@hbaderts described the whole workflow perfectly. However, it may not make any sense in case you are completely new to this idea. Therefore, I am going to explain it in layman's way (therefore, I will be omitting details):
Think of the deep networks as a function to transform your data. Example of transformations include normalization, taking log of data etc. The deep networks you are training has multiple layers. Each of these layers are trained using some kind of learning algorithm. For the first layer, you pass the original data as the input and try to get a function that will give you back those "same original data" as the output. However, you don't get the perfect output. Therefore, you are getting a transformed version of your input as the output of the first layer.
Now, for the second layer, you take those "transformed data" and pass them as input and repeat the whole learning process. You keep doing that for all the layers in your deep network.
At the last layer, what you get is a "transformed version" of your original input data. This can be thought of higher level abstraction of your original input data. Note that, you have not used the labels/output in your deep network yet. Therefore, everything till this point is unsupervised learning. This is called layer-wise pre-training.

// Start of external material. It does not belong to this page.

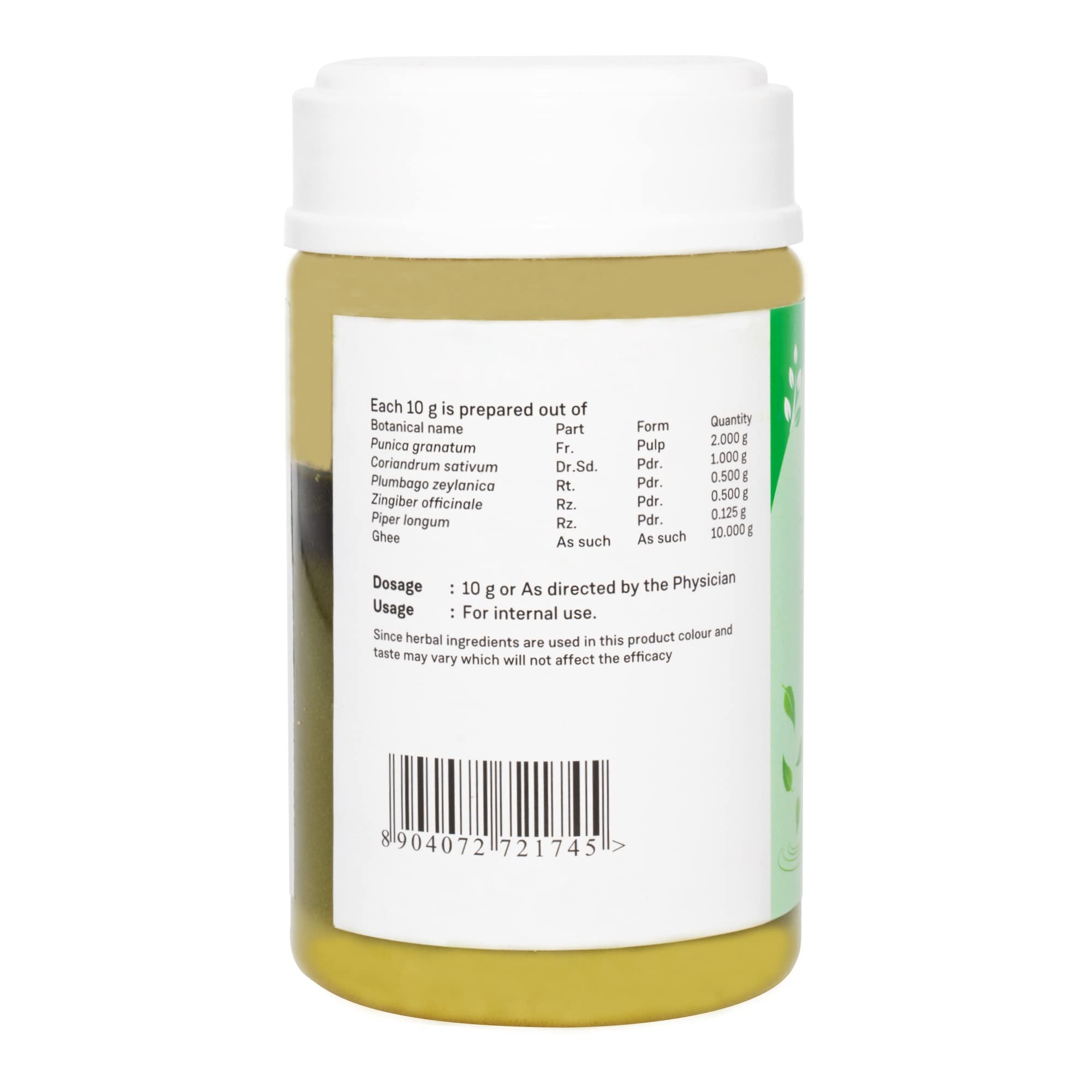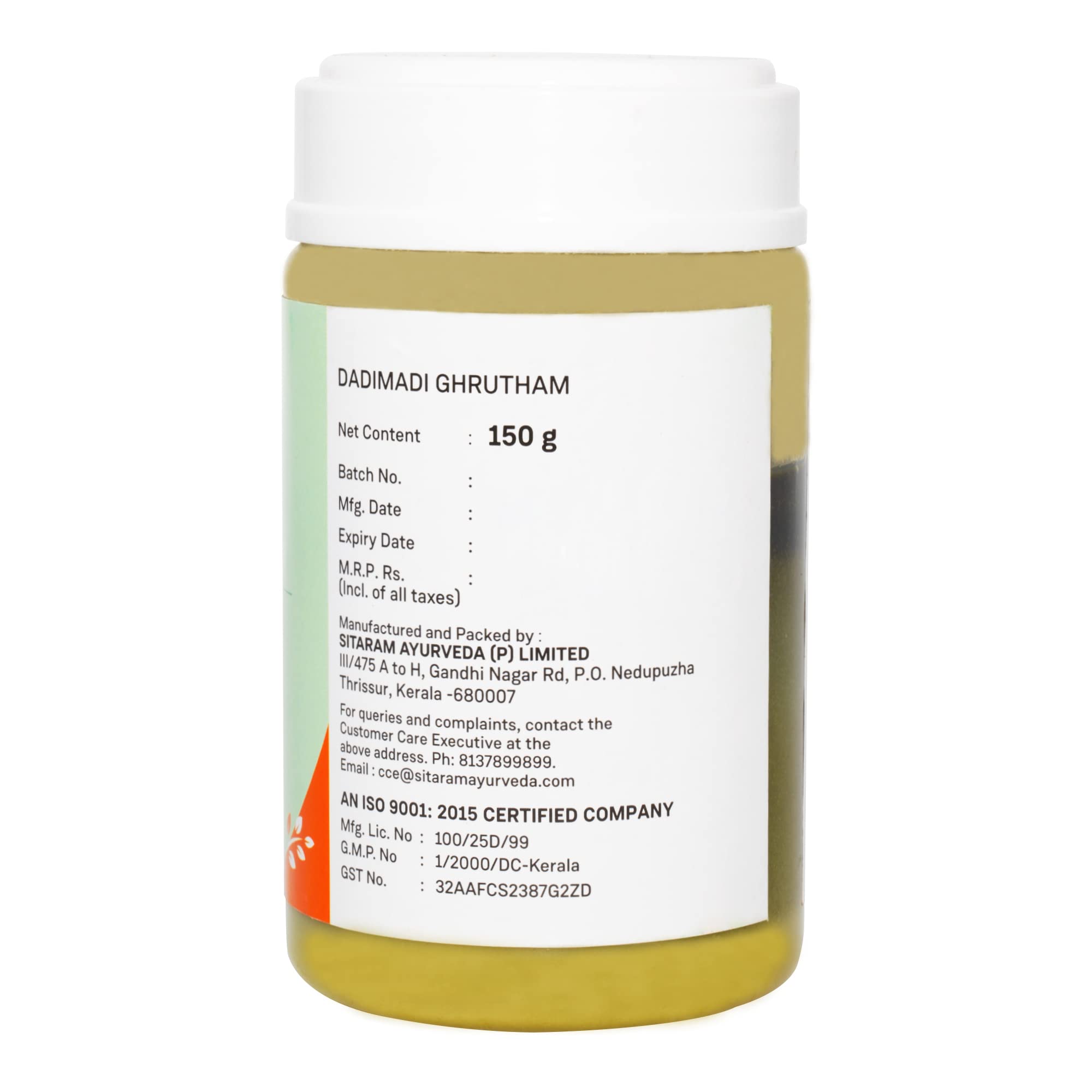 Dadima is the Sanskrit word for pomegranate. Dadimadi ghritham is a medicated ghee known for its excellent action. Its reference particularly mentions Mooddha vata anulomana as its function i.e it releases vata that is obstructed in the and restores its functions like absorption and excretion. Sluggishness of kapha along with the erratic behavior of vata results in absorptive ailments and deficiency. It is safely recommended for use in women for maintaining .

Now, you want to train a classifier/regression model and this is a supervised learning problem. The way you achieve that goal is by taking the "final transformed version" of your original input from the last layer in your deep network and use them as the input to any classifier (e.g. knn classifier / softmax classifier / logistic regression etc). This is called stacking.
When you are training this last-step classifier/learner, you propagate all your learning in the complete network. This ensures that your are able to learn from the labels/outputs and modify the learned layer-wise parameters accordingly.
So, once you have your generative model trained, take the output of your generative model and use that as input to a classifier/learner. Let the error flow through the whole network as the learning continues so that you can modify the layer-wise parameter learned in earlier steps.